Padre Gabriele em seus escritos e entrevistas, muitas vezes contava o episódio da sua inesperada nomeação para exorcista e da sua consequente inexperiência total , que acabou descobrindo ser a mesma de todos aqueles que são nomeados Exorcistas. Esta falta de formação experiencial é o ponto central para que Padre Gabriele tivesse o cuidado de iniciar a construção de um curso de formação de exorcistas, que começou em 1991, com um grupo simples de doze exorcistas italianos, que culminaria em 1994 na fundação, juntamente com o padre René Chenessau (1924-2010), o falecido Exorcista Francês da Diocese de Pontoise, da Associação Internacional dos Exorcistas (AIE). Ele começou para os exorcistas que desejavam um curso de formação teológica e experimental, cujo objetivo era apenas um conhecimento correto das práticas do exorcismo e a partilha de experiências e conhecimentos deste ministério, a fim de ajudar as pessoas atingidas pelo maligno. A fundação da AIE, afinal, representa a resposta à advertência do beato Paulo VI que, em 15 de novembro de 1972, na alocução Livrai-nos do Mal, recordou a necessidade de restabelecer a demonologia. Antes da fundação do AIE, Padre Gabriele, apenas para compensar a falta formativa do Exorcistato, publicou o livro Um exorcista conta-nos, em que ele compartilhou sua experiência teológico-pastoral. Este trabalho marcou os alicerces da moderna reflexão demonológica e chegou a vinte e duas edições e a tradução para vinte idiomas, sendo assim um verdadeiro sucesso internacional. Tornou-se, de fato, o texto básico para o conhecimento do Ministério do Exorcismo em nosso tempo e, além de todos os seus outros livros e do programa de televisão e rádio, numerosas entrevistas contribuíram para o desenvolvimento intensivo do exorcismo em três aspectos: pastoral, teológico e eclesial.

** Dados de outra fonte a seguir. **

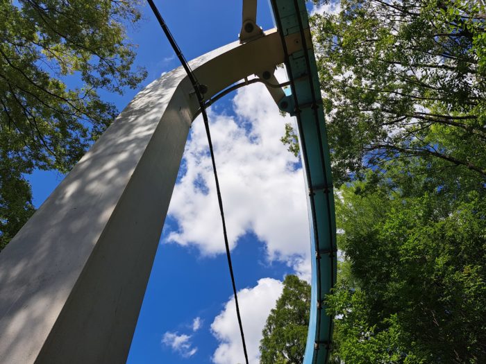 ちょうど「ぱんだのもり」の真上を通る形になります。休止のまま廃止になるとのことで、この軌道にモノレールが走る可能性は限りなく低いですが、さよなら運転といった企画があるかもしれませんね。(ただ車両老朽化も休止の一因ですのでそれも難しいかもしれません)

Não se pode compreender a tenacidade que Padre Gabriel tinha em levar esta tarefa para frente, sem considerar primeiro uma graça particular que lhe foi concedida por Deus para promover a valorização do Ministério do exorcismo na Igreja Católica com seu temperamento forte de caráter, e, finalmente, seu desejo de evangelizar com os meios de comunicação social, expressão de seu carisma como presbítero paulino. Padre Gabriel reapresenta no nível teológico-pastoral, através de uma linguagem que é simples e acessível a todos, a doutrina católica sobre a existência de Satanás e dos demônios como os anjos caídos (doutrina que faz parte da Teologia Dogmática).

A nível pastoral, Dom Gabriel mostrou através de uma obra catequética correta e profunda que ele experimentou: um sofrimento inaudito de pessoas sujeitas à ação extraordinária do diabo, um sofrimento totalmente desconhecido da pastoral ordinária da Igreja. E será a atenção especial de Padre Gabriele para com este sofrimento que levará a Conferência Episcopal Italiana (CEI) a reconhecer nas Premissas Gerais do Ritual de Exorcismos, nossos irmãos e irmãs atribulados pelo maligno, como “os mais pobres dos pobres”, membros que a comunidade cristã deve amar com um amor preferencial, precisando de ajuda, de compreensão e consolação, precisamente porque estão em poder do maligno (Rito de Exorcismos, Apresentação do CEI, parágrafo 16).

Finalmente, no nível eclesial, a contribuição de Padre Gabriele se manifesta no reconhecimento jurídico e na aprovação do Estatuto da AIE pela Santa Sé, em 13 de junho de 2014, um verdadeiro ponto de virada na história da Igreja em relação ao exorcismo.

A Padre Gabriele os nossos agradecimentos pela tenacidade com que ele colocou diante dos olhos de todo o sofrimento do exorcizado e, ao mesmo tempo, recordou com vigor, na esteira do ensinamento dos santos, que o amor a Deus se manifesta no amor pelo último, e se hoje os fiéis com distúrbios espirituais particulares são reconhecidos não só pela Conferência Episcopal Italiana, mas por muitos outros bispos em todo o mundo como “os mais pobres dos pobres”, devemos também à sua sincera, grande e apaixonada contribuição teológico-pastoral-eclesial que ele deu ao Ministério do Exorcista.

Confiamos, pois, mais uma vez a alma de Padre Gabriele a Nossa Senhora, a quem ele sempre rezou com amor ardente e a quem se consagrou com grande entusiasmo, e pedimos ao Senhor que o recompense por todo o bem que fez, especialmente pela extraordinária caridade que ele sempre manifestou para com aqueles que sofrem por causa de uma ação particular do maligno.